Exercise aim →
Repeat the records below exactly from the line containing "The Valentine's Day" to the line containing "E com as raízes", taking in both of those lines. Drop the pictures.

Provided material →
——

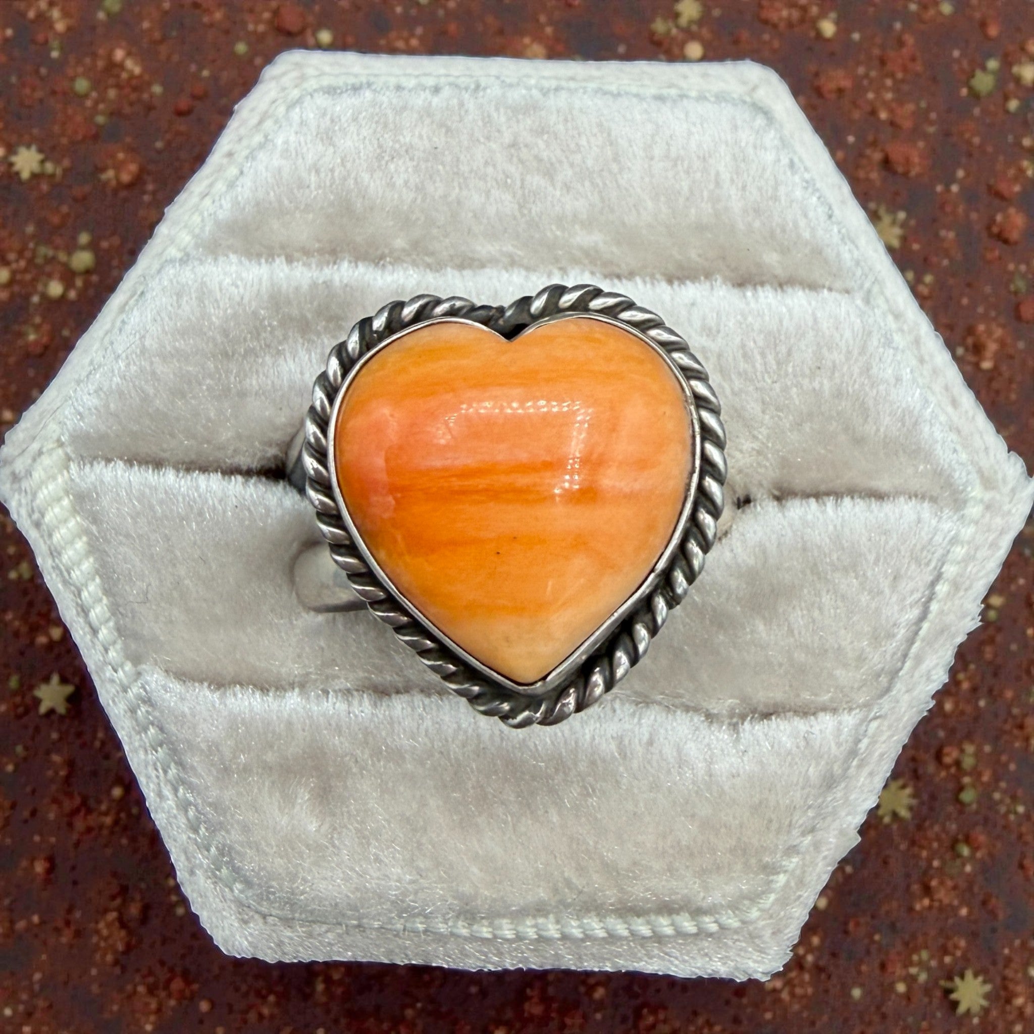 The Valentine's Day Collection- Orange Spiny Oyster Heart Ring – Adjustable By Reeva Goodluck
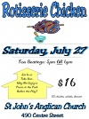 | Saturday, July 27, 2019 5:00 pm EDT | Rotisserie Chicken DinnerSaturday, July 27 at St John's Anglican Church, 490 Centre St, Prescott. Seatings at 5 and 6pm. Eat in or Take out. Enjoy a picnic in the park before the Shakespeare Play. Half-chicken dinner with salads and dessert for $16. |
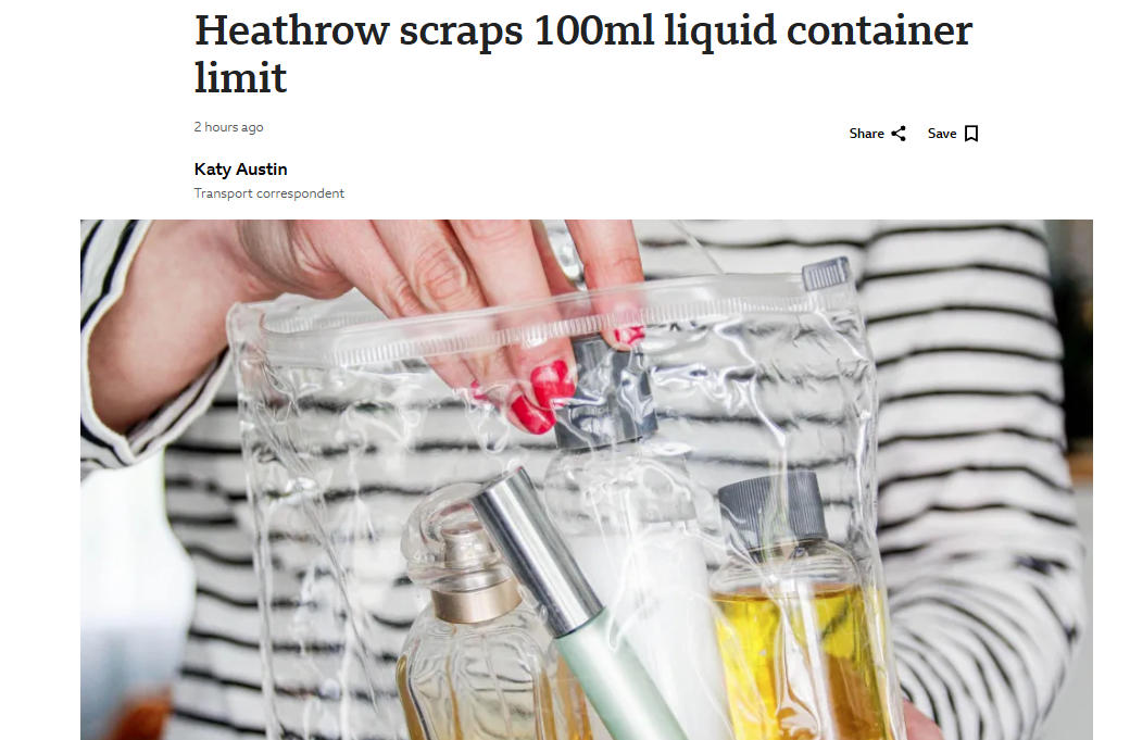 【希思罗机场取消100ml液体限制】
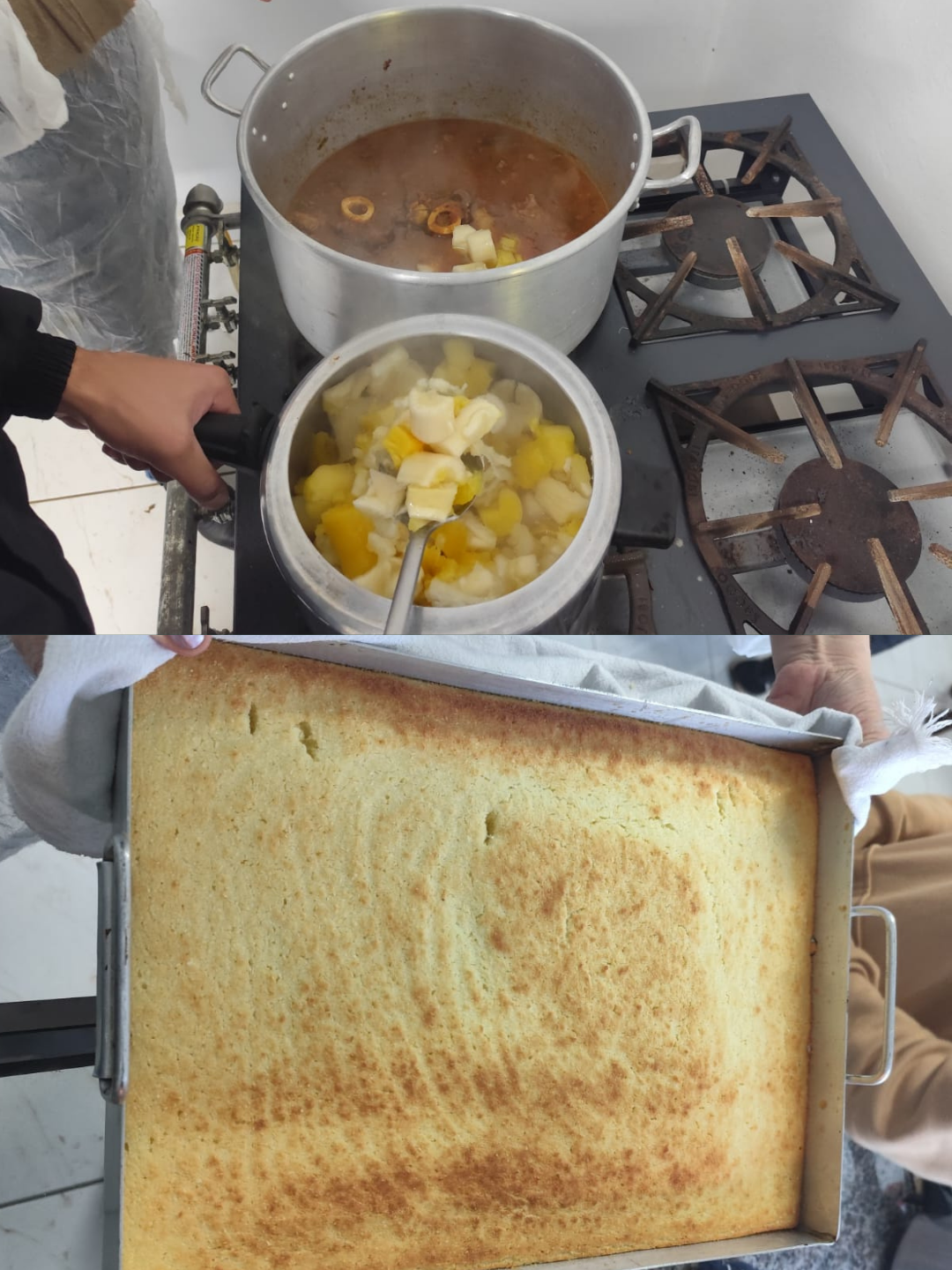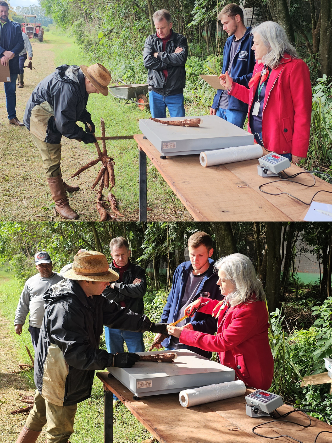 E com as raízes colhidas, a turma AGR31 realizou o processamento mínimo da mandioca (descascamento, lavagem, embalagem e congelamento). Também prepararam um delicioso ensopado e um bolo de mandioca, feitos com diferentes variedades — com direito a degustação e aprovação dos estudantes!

——

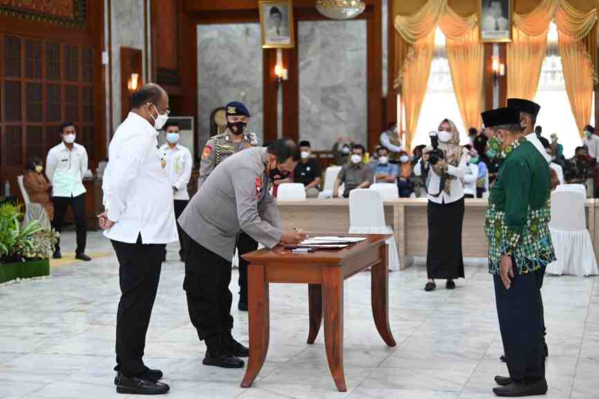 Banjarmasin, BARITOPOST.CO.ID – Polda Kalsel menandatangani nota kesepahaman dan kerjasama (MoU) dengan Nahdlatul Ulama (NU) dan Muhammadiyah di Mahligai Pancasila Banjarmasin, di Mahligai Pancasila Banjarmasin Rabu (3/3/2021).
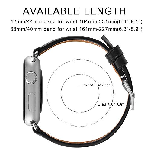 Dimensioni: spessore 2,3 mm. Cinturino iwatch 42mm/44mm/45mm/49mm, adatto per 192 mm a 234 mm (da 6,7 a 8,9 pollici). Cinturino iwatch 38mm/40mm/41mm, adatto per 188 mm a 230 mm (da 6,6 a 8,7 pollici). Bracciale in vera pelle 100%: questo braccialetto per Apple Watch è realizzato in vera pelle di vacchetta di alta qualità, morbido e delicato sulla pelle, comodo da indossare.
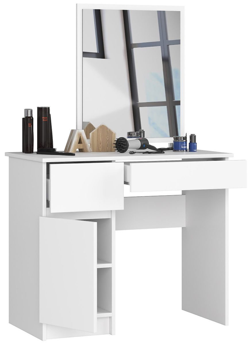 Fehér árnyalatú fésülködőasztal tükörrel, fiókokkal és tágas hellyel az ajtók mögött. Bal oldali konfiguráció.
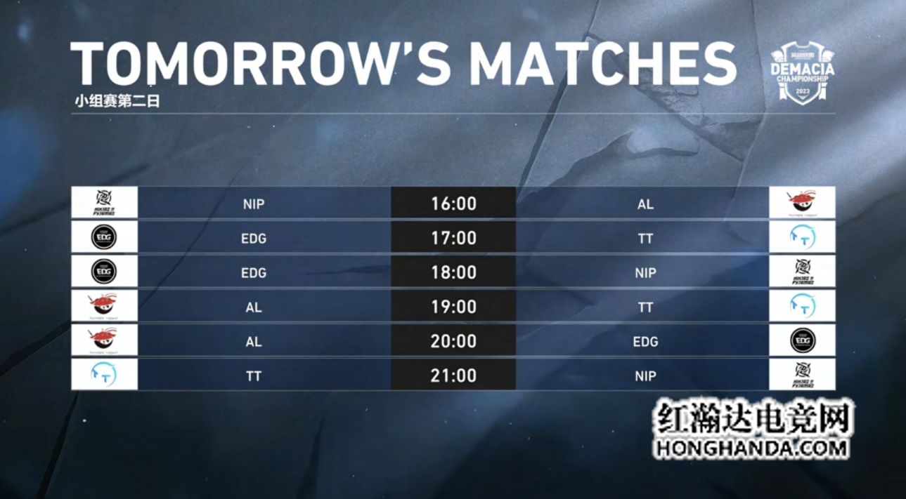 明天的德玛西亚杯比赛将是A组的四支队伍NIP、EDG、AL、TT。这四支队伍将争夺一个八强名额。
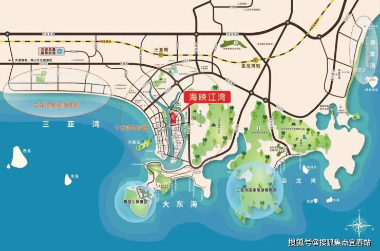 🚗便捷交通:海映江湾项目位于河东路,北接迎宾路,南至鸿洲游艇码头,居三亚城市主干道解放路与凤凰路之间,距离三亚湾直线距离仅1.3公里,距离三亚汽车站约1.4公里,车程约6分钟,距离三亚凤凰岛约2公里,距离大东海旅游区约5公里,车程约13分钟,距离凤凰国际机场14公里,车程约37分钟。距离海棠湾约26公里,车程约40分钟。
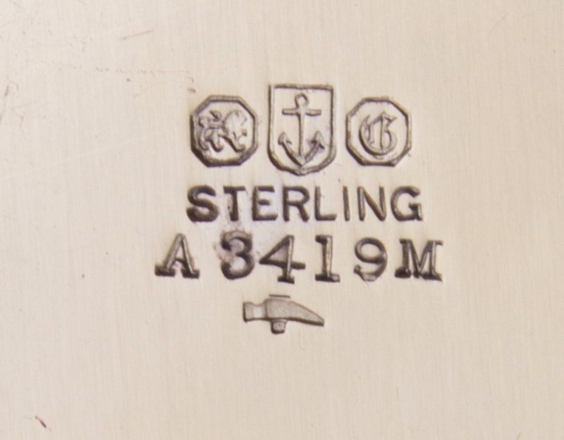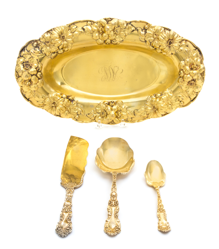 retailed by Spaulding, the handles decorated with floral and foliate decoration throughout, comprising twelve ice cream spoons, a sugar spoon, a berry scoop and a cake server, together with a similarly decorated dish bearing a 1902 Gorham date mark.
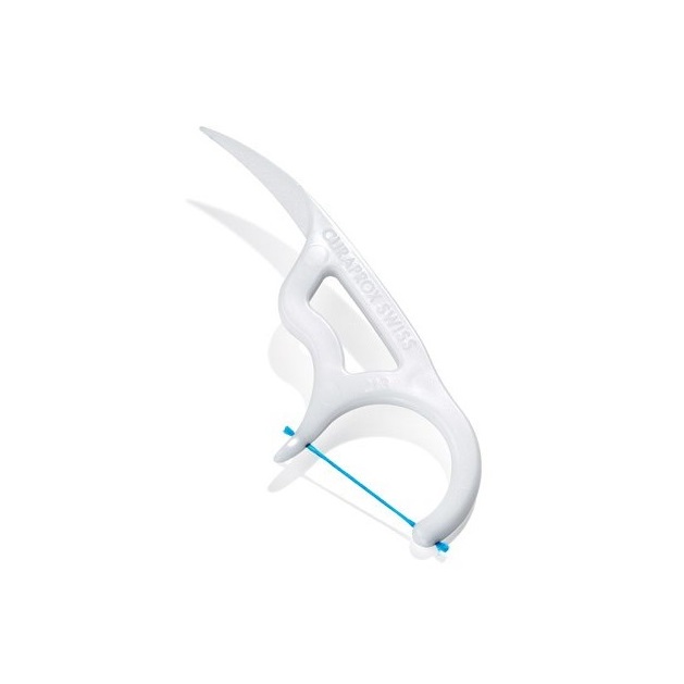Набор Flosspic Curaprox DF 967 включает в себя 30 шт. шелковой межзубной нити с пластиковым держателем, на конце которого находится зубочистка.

——

Final answer →
 The Valentine's Day Collection- Orange Spiny Oyster Heart Ring – Adjustable By Reeva Goodluck
 | Saturday, July 27, 2019 5:00 pm EDT | Rotisserie Chicken DinnerSaturday, July 27 at St John's Anglican Church, 490 Centre St, Prescott. Seatings at 5 and 6pm. Eat in or Take out. Enjoy a picnic in the park before the Shakespeare Play. Half-chicken dinner with salads and dessert for $16. |
 【希思罗机场取消100ml液体限制】
 E com as raízes colhidas, a turma AGR31 realizou o processamento mínimo da mandioca (descascamento, lavagem, embalagem e congelamento). Também prepararam um delicioso ensopado e um bolo de mandioca, feitos com diferentes variedades — com direito a degustação e aprovação dos estudantes!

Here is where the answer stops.